Onderwerp: Bezoek-historie

RSJ 10/0270/TA, 18 mei 2010, beroep
Uitspraakdatum:18-05-2010

Dit onderwerp bevat de volgende rubrieken.

Uitspraak

nummer: 10/270/TA

betreft: [klager] datum: 18 mei 2010

De beroepscommissie als bedoeld in artikel 67 van de Beginselenwet verpleging ter beschikking gestelden (Bvt) heeft kennisgenomen van een bij het secretariaat van de Raad ingekomen beroepschrift, ingediend door mr. D.W.H.M. Wolters, namens

[...], verder te noemen klager,

gericht tegen een uitspraak van 26 januari 2010 van de alleensprekende beklagrechter bij FPC Oldenkotte te Rekken, verder te noemen de inrichting,

alsmede van de overige stukken, waaronder de uitspraak waarvan beroep, welke in afschrift aan deze uitspraak is gehecht.

De beroepscommissie heeft het hoofd van de inrichting in de gelegenheid gesteld schriftelijk te reageren op het beroep en klager, alsmede zijn raadsman mr. D.W.H.M. Wolters om het beroep schriftelijk toe te lichten.
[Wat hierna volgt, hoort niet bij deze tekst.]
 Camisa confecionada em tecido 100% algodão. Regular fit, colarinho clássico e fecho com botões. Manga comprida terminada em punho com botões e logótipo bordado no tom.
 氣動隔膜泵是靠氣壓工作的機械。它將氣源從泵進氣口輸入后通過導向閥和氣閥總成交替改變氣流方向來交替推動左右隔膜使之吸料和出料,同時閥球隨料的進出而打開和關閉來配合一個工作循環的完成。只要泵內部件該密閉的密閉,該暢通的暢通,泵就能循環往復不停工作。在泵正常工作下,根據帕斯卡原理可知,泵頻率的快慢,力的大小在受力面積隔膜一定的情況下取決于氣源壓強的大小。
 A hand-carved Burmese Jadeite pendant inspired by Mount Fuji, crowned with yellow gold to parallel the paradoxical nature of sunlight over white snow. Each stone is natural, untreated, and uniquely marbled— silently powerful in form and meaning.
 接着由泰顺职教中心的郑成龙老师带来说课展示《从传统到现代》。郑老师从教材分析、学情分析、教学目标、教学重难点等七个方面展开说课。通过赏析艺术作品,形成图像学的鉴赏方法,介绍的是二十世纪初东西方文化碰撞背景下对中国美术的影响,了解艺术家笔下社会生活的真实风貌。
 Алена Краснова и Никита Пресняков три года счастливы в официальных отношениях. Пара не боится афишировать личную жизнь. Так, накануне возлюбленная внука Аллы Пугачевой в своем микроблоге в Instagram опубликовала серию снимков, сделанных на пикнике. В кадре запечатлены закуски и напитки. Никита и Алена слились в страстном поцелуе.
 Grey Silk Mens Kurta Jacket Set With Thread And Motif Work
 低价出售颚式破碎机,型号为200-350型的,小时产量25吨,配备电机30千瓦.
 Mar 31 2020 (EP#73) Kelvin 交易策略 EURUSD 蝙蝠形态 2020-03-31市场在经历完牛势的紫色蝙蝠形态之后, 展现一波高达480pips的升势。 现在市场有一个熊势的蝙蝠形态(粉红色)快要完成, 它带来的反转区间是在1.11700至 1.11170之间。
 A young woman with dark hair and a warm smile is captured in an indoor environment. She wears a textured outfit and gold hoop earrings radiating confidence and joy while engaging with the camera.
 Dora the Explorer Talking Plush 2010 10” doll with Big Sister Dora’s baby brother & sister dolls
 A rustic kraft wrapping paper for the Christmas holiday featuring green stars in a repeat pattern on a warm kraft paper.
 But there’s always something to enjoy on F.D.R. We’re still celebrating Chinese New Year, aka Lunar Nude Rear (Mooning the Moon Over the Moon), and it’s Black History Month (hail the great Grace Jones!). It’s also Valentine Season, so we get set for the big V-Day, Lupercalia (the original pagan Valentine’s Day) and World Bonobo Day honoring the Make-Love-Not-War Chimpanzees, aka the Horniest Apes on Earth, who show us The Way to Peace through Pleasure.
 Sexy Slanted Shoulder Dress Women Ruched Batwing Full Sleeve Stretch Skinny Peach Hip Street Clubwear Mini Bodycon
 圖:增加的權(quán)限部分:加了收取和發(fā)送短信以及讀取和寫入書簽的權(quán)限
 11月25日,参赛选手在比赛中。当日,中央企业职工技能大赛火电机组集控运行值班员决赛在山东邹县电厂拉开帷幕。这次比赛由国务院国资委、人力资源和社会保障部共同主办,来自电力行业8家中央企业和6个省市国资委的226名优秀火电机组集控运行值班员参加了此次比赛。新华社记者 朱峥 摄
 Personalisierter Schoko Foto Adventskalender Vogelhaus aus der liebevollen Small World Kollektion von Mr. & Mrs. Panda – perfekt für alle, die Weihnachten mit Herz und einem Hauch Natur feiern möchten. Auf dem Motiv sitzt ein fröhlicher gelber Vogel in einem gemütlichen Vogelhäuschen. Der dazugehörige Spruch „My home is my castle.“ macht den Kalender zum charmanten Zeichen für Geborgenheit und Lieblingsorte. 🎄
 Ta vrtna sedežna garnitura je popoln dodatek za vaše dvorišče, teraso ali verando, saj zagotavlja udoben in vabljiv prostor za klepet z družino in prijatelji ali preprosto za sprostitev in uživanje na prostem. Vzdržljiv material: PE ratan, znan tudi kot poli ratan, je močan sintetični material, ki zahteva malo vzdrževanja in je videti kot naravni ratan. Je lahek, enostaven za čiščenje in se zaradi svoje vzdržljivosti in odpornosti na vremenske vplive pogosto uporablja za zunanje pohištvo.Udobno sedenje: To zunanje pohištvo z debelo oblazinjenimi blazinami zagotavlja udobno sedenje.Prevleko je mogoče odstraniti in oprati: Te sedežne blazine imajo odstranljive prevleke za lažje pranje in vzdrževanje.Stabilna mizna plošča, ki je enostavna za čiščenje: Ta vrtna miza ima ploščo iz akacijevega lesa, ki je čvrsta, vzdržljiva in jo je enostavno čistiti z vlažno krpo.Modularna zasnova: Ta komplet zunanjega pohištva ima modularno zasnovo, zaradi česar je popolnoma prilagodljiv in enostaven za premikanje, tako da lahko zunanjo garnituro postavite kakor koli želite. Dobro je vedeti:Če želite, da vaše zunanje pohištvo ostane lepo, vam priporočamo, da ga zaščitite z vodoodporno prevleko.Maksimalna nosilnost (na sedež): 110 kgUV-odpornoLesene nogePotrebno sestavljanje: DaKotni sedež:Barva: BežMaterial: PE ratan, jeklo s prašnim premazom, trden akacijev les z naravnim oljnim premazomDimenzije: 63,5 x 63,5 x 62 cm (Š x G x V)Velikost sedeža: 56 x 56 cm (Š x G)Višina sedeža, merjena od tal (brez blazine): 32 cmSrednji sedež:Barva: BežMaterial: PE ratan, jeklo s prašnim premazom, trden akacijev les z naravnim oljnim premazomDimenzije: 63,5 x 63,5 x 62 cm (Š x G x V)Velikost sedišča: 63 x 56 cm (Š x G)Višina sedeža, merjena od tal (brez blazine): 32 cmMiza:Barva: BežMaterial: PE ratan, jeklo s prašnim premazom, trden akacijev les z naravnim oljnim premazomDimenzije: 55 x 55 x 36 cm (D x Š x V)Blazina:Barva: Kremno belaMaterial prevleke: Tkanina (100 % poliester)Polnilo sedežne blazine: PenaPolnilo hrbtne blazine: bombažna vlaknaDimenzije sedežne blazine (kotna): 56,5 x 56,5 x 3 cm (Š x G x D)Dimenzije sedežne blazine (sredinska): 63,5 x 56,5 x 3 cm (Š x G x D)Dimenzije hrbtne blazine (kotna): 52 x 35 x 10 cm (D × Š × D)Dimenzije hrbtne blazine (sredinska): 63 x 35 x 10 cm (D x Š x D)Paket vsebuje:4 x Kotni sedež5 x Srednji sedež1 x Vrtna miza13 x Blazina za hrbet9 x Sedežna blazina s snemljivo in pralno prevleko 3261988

Op grond van de stukken en haar onderzoek overweegt en beslist de beroepscommissie als volgt:

1. De inhoud van het beklag en de uitspraak van de beklagrechter
Het beklag betreft, voor zover in beroep aan de orde,
a. de verlenging van het verblijf van klager op de afdeling intensieve zorg I-A;
b. het feit dat klager niet een zieke maar een gezonde man is;
c. het feit dat klagers lichamelijke en geestelijke conditie hoog scoort, terwijl zijn rechten op inhumane wijze geschonden worden.

De beklagrechter heeft klager niet-ontvankelijk verklaard in zijn beklag onder a., b. en c. op de gronden als in de aangehechte uitspraak weergegeven.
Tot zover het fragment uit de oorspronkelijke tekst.